We present vibrational and electronic photodissociation spectra of a model chromophore of the green fluorescent protein in complexes with up to two water molecules, prepared in a cryogenic ion trap at 160-180 K. We find the band origin of the singly hydrated chromophore at 20 985 cm-1 (476.5 nm) and observe partially resolved vibrational signatures. While a single water molecule induces only a small shift of the S1 electronic band of the chromophore, without significant change of the Franck-Condon envelope, the spectrum of the dihydrate shows significant broadening and a greater blue shift of the band edge.

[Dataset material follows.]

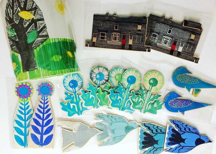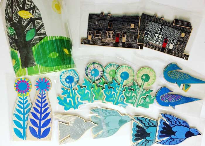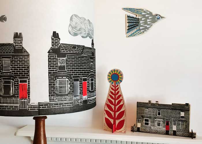 I am a Sheffield based printmaker specialising in wood and lino-cut printing onto paper, wood and fabric although I really enjoy all forms of printmaking, particularly when they don’t involve too much technical equipment! I hand-print all my work in my home studio to make framed prints, free standing & wall hanging artwork and homewares such as lampshades.

Comparison of the vibrational spectra with predicted infrared spectra from density functional theory indicates that water molecules can interact with the oxygen atom on the phenolate group or on the imidazole moiety, respectively.

Cryogenic Ion Spectroscopy of the Green Fluorescent Protein Chromophore in Vacuo.

We present the spectrum of the S1 ← S0 transition of an anionic model for the chromophore of the green fluorescent protein in vacuo at cryogenic temperatures, showing previously unresolved vibrational features, and resolving the band origin at 20 930 cm-1 (477.8 nm) with unprecedented accuracy. The vibrational spectrum establishes that the molecule is in the Z isomer at low temperature. At increased temperature, the S1 ← S0 band shifts to the red, which we tentatively attribute to emergent population of the E isomer.